Two Motel 6 locations in Arizona have been racially profiling and coordinating with Immigration and Customs Enforcement (ICE) to have undocumented immigrant guests arrested, attorneys allege in an explosive Phoenix New Times investigation. When front desk staff at one location asked Manuel Rodriguez-Juarez for identification, “he handed over the only thing he had—a Mexican voter ID card.” Six hours later, ICE was at his motel room door:
A Phoenix New Times review of court records found that between February and August, ICE agents made at least 20 arrests at Motel 6s, showing up roughly every two weeks. (Since many of the documents we reviewed contained only vague details about where ICE encountered an individual, the actual number is likely even higher.)
All took place at one of two Motel 6 locations: 4130 North Black Canyon Highway or 1530 North 52nd Drive. Both are in predominantly Latino neighborhoods.

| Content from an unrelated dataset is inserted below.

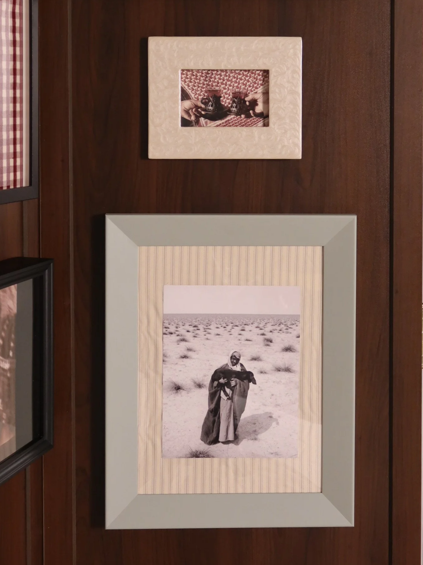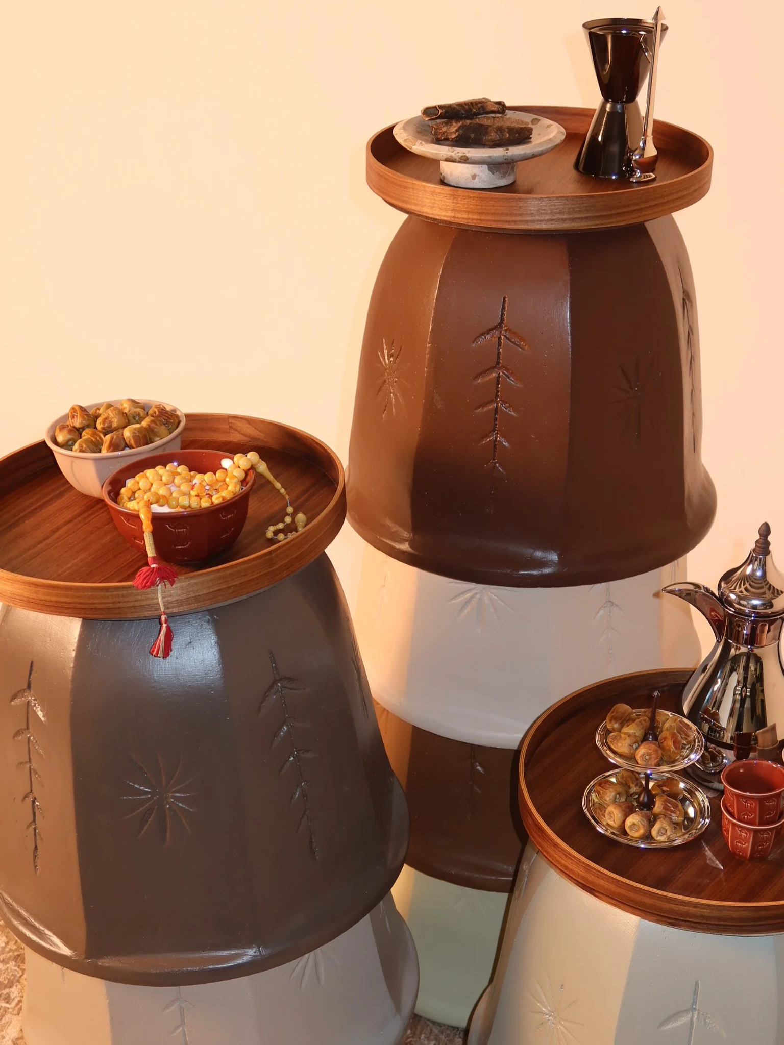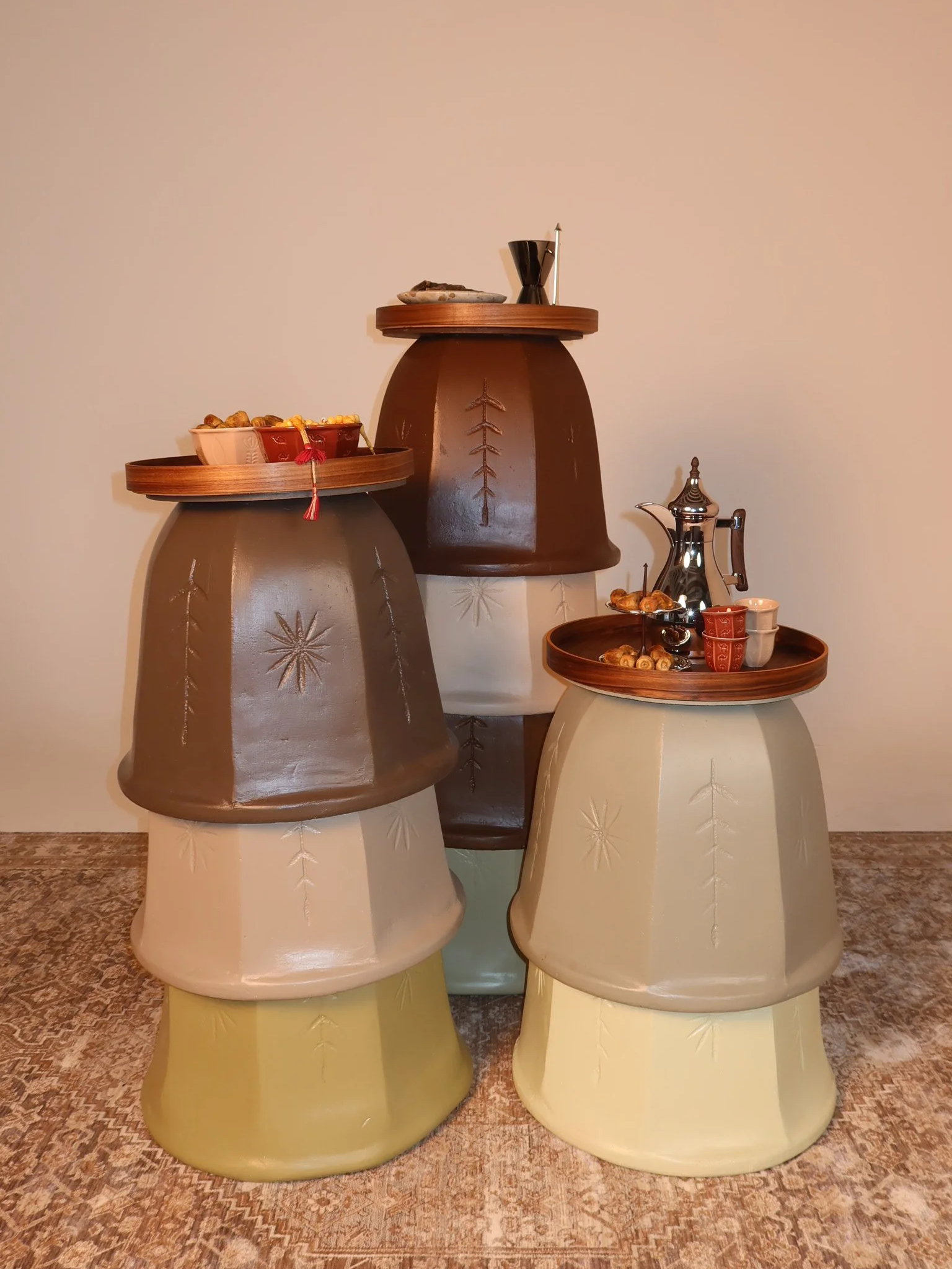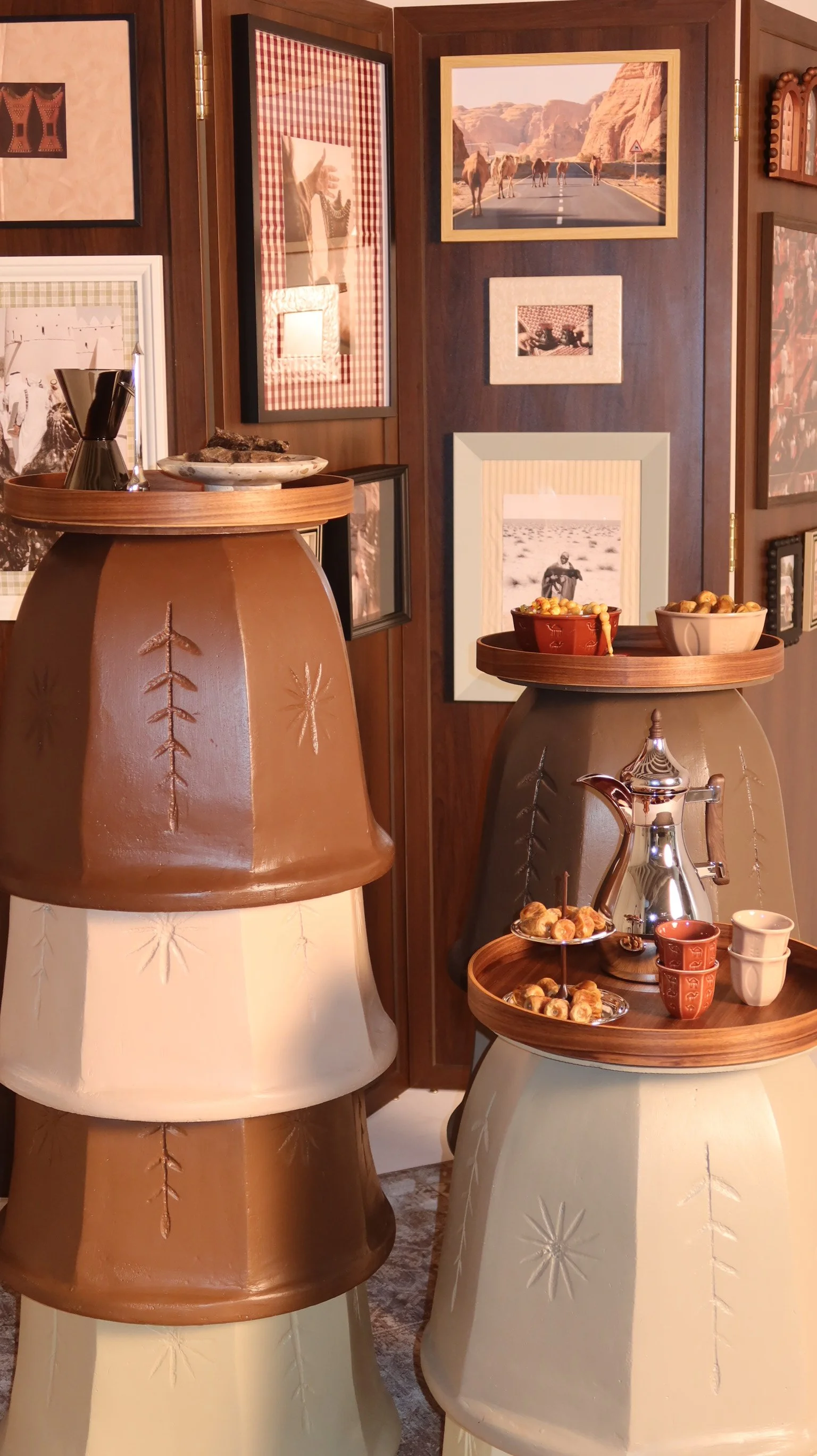 Each set includes a traditional rug, a wooden partition with finely curated frames, three custom-designed tables, and thoughtfully selected table accessories to complete the gathering. (Entire setup dimension: 3 x 2 m)

New Times was unable to find records indicating that ICE conducted arrests at other local motels during this same time period.
According to the report, Motel 6 management declined to comment, directing Phoenix New Times to a corporate hotline.
Staff, though, were much more forthcoming about events: “Unofficially … employees at both locations said it was standard practice to share guest information with ICE. ‘We send a report every morning to ICE—all the names of everybody that comes in,’ one front-desk clerk explained. ‘Every morning at about 5 o’clock, we do the audit and we push a button and it sends it to ICE.’”
“One thing that we do know: Motel 6 is extremely enthusiastic about cooperating with law enforcement, and, elsewhere in the country, has been criticized by the ACLU for sharing guest lists with local police”:
Is that happening in Phoenix?
“On occasion and through informal contacts, various hotels and motels have shared their guest lists with officers,” Phoenix Police department spokesperson Jonathan Howard wrote in an email.
He declined to specify whether that included the two Motel 6 locations where recent ICE raids have taken place.
The Phoenix New Times states that in about a third of cases, “court documents say that ICE encountered a suspect during a ‘knock and talk,’” meaning ICE showed up to rooms without a search warrant, knocked on the door, and asked to come in.
Federal immigration agents have been shown to take advantage of undocumented immigrants who aren’t aware that they can deny entry to an officer who does not have a warrant. Once they allow them through the door, they’re arrested:
Cintia de Leon was supposed to pick up her husband and nephew from the Motel 6 at 4130 North Black Canyon Highway at 7:30 a.m. on August 10. But according to her husband, four ICE officers arrived first. They knocked on the door and asked for her nephew, Jose Escobar Tovar, whose name the room was under.
“He asked, 'How did you find me here?' de Leon recalled her husband telling her in his phone call from detention. "And they said, ‘You know what, you don’t have the right to talk.’”
The ICE officers then asked de Leon’s husband, 36-year-old Jose Granados Sanchez, if he had citizenship documents. He said no, and they arrested both of them. Escobar Tovar was deported three weeks ago and de Leon’s husband remains in an immigrant detention center in Eloy.
Yasmeen Pitts O’Keefe, a spokesperson for ICE’s Phoenix division: “I wouldn’t be able to confirm how we are getting our information. Those are investigative techniques that we wouldn’t be able to talk about.”
Yeah, we know exactly the kind of “investigative techniques” ICE has been taking since Donald Trump unshackled them after taking office, including using children as bait to arrest undocumented family members and stalking immigrants seeking protective orders against abusers at courthouses. And now, motel patrons, allegedly.
As the ACLU’s Cecilia Wang tweeted: “They'll leave the light on—for ICE and police.”